» Task to complete:
Exact copy, no pictures: return only the lines below from the line with "Bake bakery-quality scones" up to and including the line with "Anyway, we poured".
------ Extracted records ------
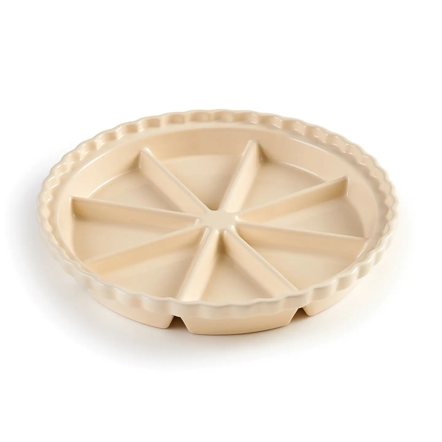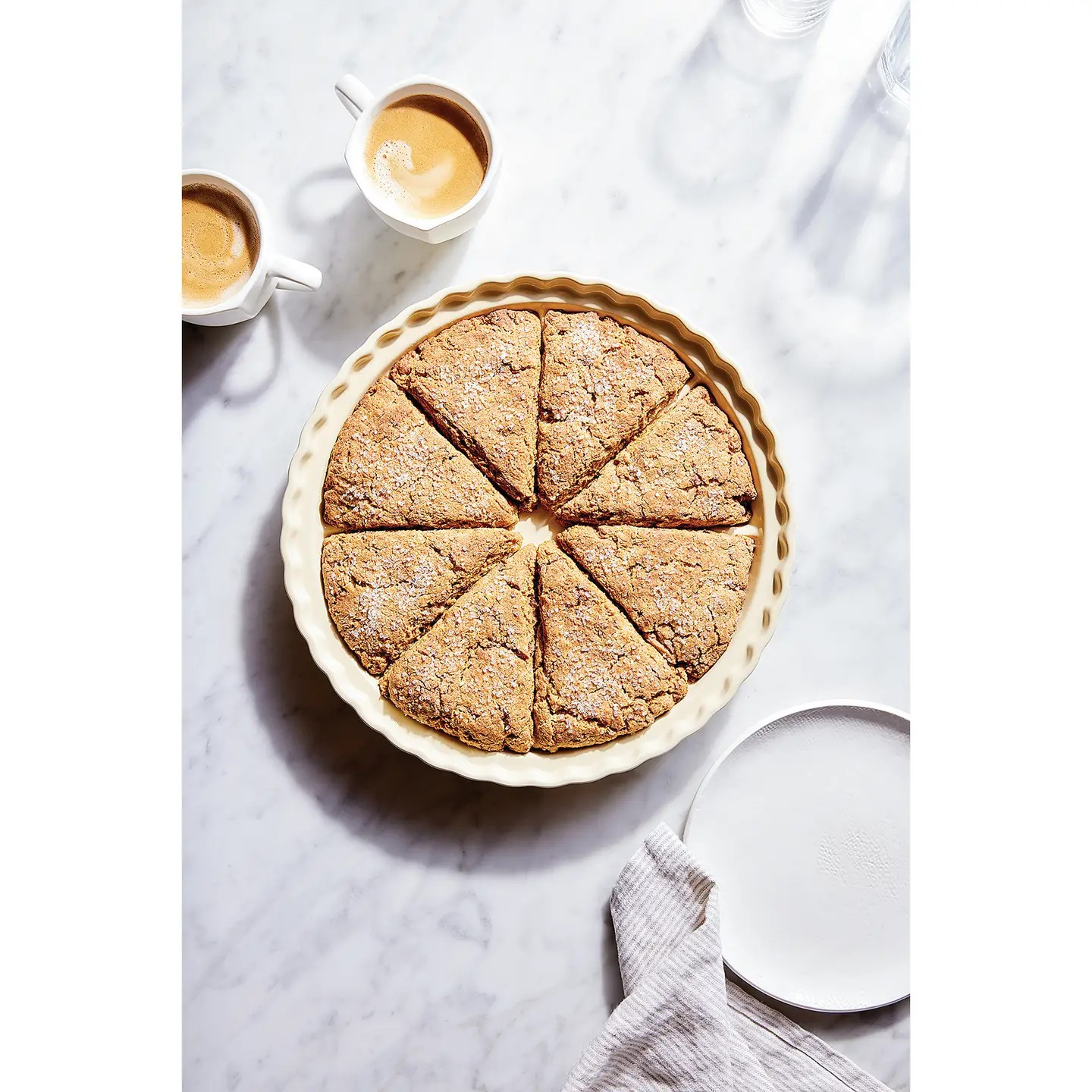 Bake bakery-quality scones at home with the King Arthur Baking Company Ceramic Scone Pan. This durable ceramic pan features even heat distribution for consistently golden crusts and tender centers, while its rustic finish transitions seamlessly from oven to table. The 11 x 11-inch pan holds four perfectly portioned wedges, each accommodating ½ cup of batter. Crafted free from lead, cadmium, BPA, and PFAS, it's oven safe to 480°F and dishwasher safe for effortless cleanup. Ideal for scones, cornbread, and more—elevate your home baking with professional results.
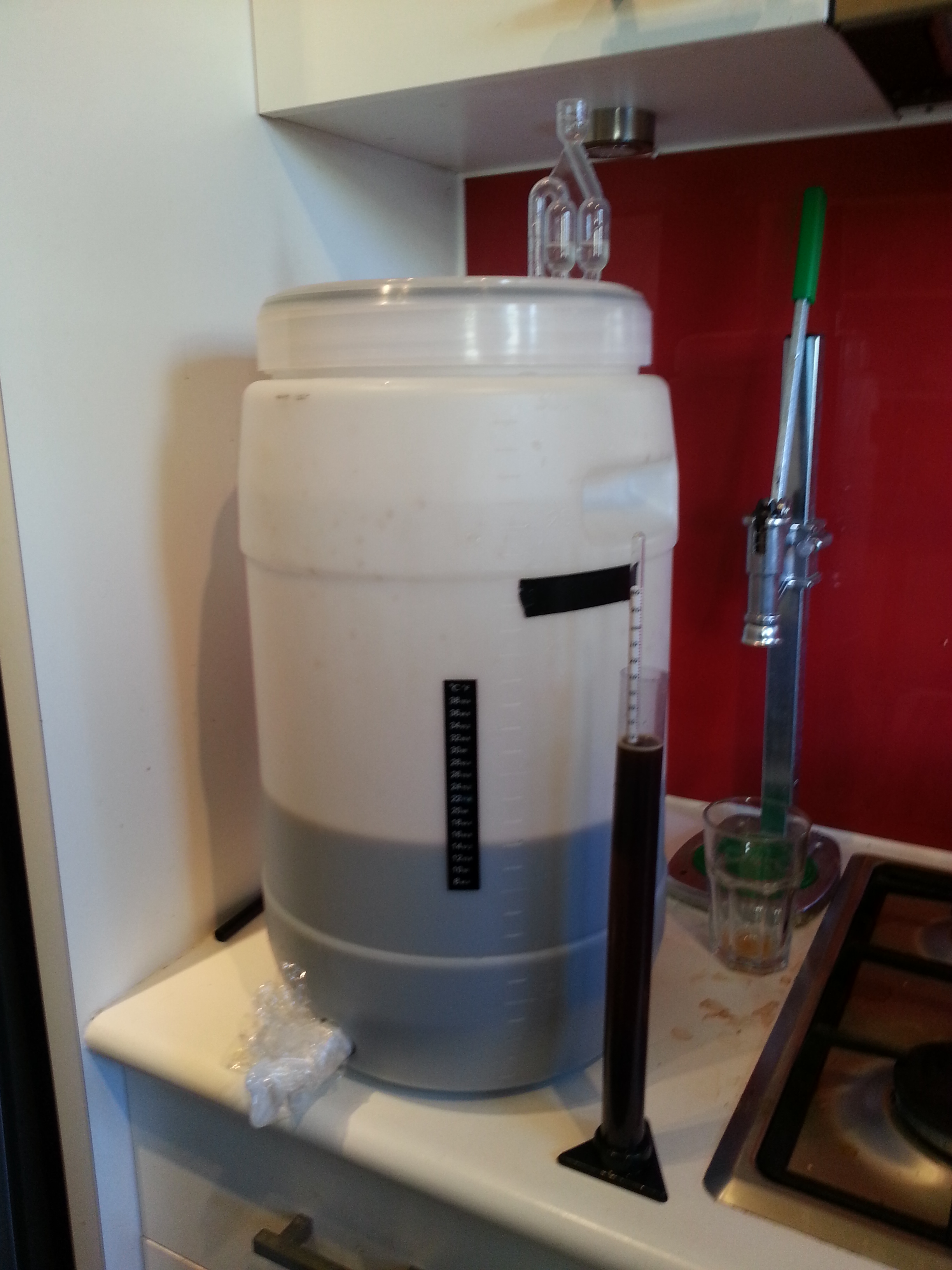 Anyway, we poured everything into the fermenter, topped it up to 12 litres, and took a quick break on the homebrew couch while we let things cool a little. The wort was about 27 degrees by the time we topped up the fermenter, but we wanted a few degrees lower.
------
------ Extracted records ------
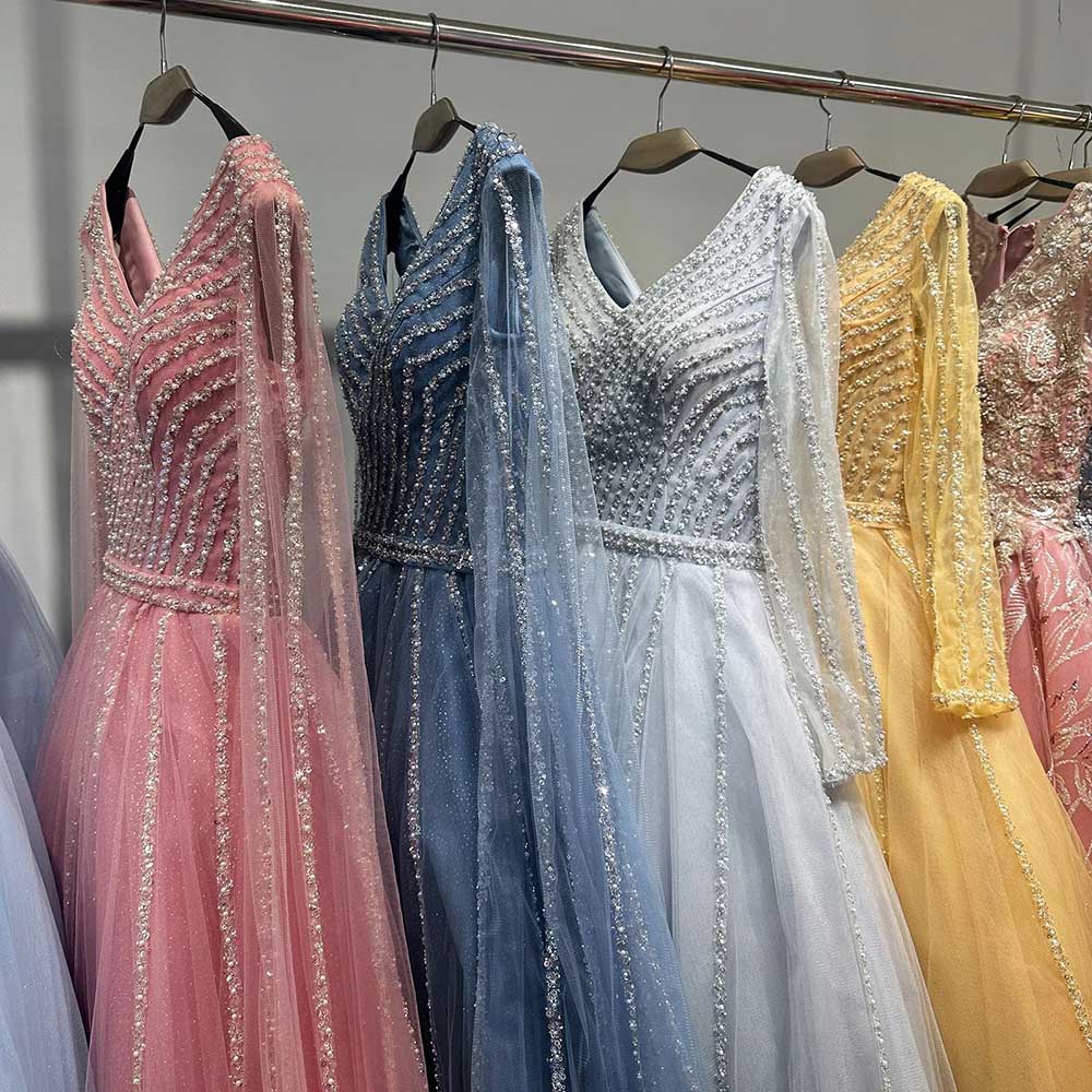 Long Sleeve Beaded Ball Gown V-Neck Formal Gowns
------
» Exercise answer:
 Bake bakery-quality scones at home with the King Arthur Baking Company Ceramic Scone Pan. This durable ceramic pan features even heat distribution for consistently golden crusts and tender centers, while its rustic finish transitions seamlessly from oven to table. The 11 x 11-inch pan holds four perfectly portioned wedges, each accommodating ½ cup of batter. Crafted free from lead, cadmium, BPA, and PFAS, it's oven safe to 480°F and dishwasher safe for effortless cleanup. Ideal for scones, cornbread, and more—elevate your home baking with professional results.
 Anyway, we poured everything into the fermenter, topped it up to 12 litres, and took a quick break on the homebrew couch while we let things cool a little. The wort was about 27 degrees by the time we topped up the fermenter, but we wanted a few degrees lower.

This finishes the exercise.